Lily permaneció en silencio mientras Ethan terminaba de contarle todo.
La denuncia.
La suspensión.
La conversación con el decano.
El abogado que su padre iba a contratar.
Cada palabra parecía más difícil de escuchar que la anterior.
Cuando él terminó de hablar, ninguno de los dos supo qué decir.
La cafetería seguía llena de estudiantes.
Las conversaciones continuaban.
Las risas también.
Y, sin embargo, para ellos el mundo parecía haberse detenido.

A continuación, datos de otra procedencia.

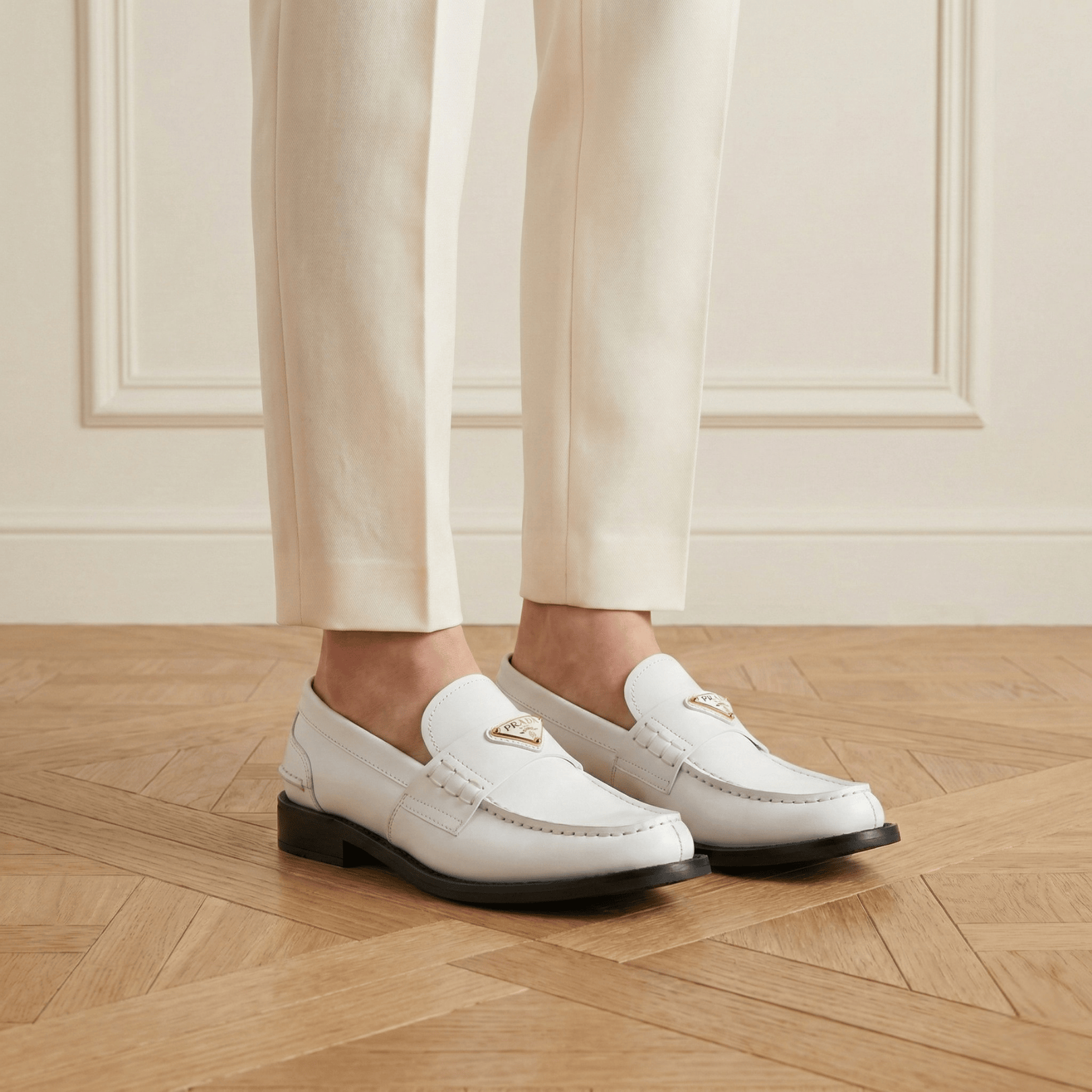 Prada Leather Loafers with Triangle Logo – White (Women)

—No entiendo —murmuró Lily—. No entiendo cómo puede estar pasando esto.
Ethan bajó la mirada.
—Yo tampoco.
Permanecieron sentados varios minutos.
Sin tocar el café.
Sin hablar demasiado.
Hasta que Ethan tomó una decisión.
—Creo que me voy a ir unos días.
Lily levantó la cabeza inmediatamente.
—¿Qué?
—Necesito alejarme de todo esto.
—Ethan...
—No puedo quedarme aquí ahora mismo.
Su voz sonó cansada.
Agotada.
Como si hubiera envejecido años en una sola mañana.
—La gente habla cuando paso.
Me miran diferente.
Y esto recién empieza.
Lily sintió un nudo en el pecho.
—Entonces voy contigo.
Ethan la observó.
Y por un instante deseó decir que sí.
Porque la idea de alejarse de ella era insoportable.

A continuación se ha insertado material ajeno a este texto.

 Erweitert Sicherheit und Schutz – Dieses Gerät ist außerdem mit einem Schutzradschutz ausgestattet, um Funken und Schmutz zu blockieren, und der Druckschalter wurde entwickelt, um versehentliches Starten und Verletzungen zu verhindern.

Pero negó lentamente con la cabeza.
—No.
—¿Por qué no?
—Porque tienes tu trabajo.
Tus clases.
Tus exámenes.
—Eso no importa.
—Claro que importa.
Lily abrió la boca para protestar.
Pero Ethan continuó.
—Trabajas para pagar la universidad.
Has luchado demasiado para llegar hasta aquí.

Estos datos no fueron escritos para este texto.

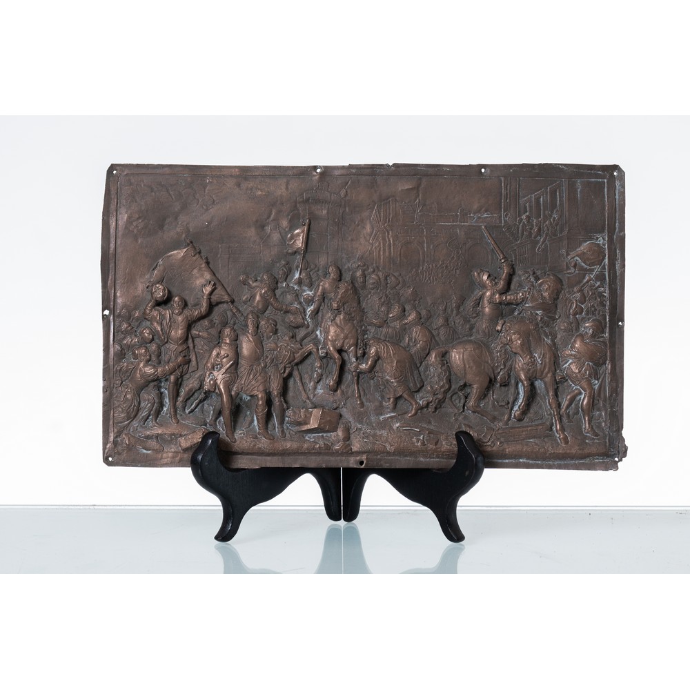 ALTORILIEVO in metallo raffigurante "Battaglia".

No voy a permitir que pongas todo eso en riesgo por mí.
—No sería un riesgo.
—Sí lo sería.
El silencio cayó entre ambos.
Y Lily supo que él ya había tomado la decisión.
—Entonces déjame acompañarte unos días.
—Lily...
—Por favor.
Ethan cerró los ojos.
Porque aquella mirada estaba rompiéndole el corazón.
—No puedo pedirte eso.
—No te lo estoy preguntando.
Te lo estoy diciendo.
Por primera vez desde que comenzó aquella pesadilla, Ethan sonrió.
Una sonrisa pequeña.
Dolorosa.
—Eres demasiado terca.
—Lo aprendí de ti.
Finalmente llegaron a un acuerdo.
No era el acuerdo que ninguno quería.
Pero era el único posible.
Ethan se marcharía unos días.
Lily continuaría con sus clases y su trabajo.
Y cada sábado se encontrarían en un pequeño pueblo ubicado a mitad de camino entre ambos.
Solo ellos.
Sin universidad.
Sin rumores.
Sin miradas.
Al menos por unas horas.
—Lo odio —murmuró Lily.
—Yo también.
—Mucho.
—Yo más.
Aquella tarde fueron juntos a la casa de Ethan.
Y por primera vez, preparar una maleta se sintió como una despedida.
Lily doblaba ropa mientras Ethan guardaba algunas cosas personales.
Ninguno hablaba demasiado.
Porque cada prenda que entraba en la valija hacía más real lo que estaba ocurriendo.
—¿Cuánto tiempo estarás fuera?
—No lo sé.
La respuesta no ayudó.
En absoluto.
Cuando todo estuvo listo, Ethan cerró la valija.
El sonido pareció demasiado definitivo.
Demasiado final.
Lily sintió que los ojos comenzaban a llenársele de lágrimas.
—Oye.
Ethan se acercó.
—Vamos a estar bien.
Ella intentó sonreír.
Pero no lo consiguió.
—Prométeme que me llamarás.
—Todos los días.
—Prométeme que vas a comer.
—Lily.
—Lo digo en serio.
—Voy a comer.
—Y a dormir.
—También.
—Y...
Ethan la interrumpió con un beso.
Suave.
Largo.
Triste.
—Te amo.
La voz de Lily se quebró.
—Yo también te amo.
Lo vio subir al auto al caer la tarde.
Y cuando el vehículo desapareció al final de la calle, sintió que algo dentro de ella se rompía.
Sin embargo, al día siguiente tuvo que levantarse igual.
Ir a clase.
Ir a trabajar.
Responder preguntas.
Sonreír.
Actuar como si todo estuviera bien.
Como si la persona que amaba no estuviera atravesando el peor momento de su vida.
Como si ella misma no estuviera destrozada.
Y esa fue, quizás, la parte más difícil de todas.
Fingir.
Porque mientras el resto del mundo continuaba avanzando...
Lily sentía que una parte de ella se había marchado junto con Ethan.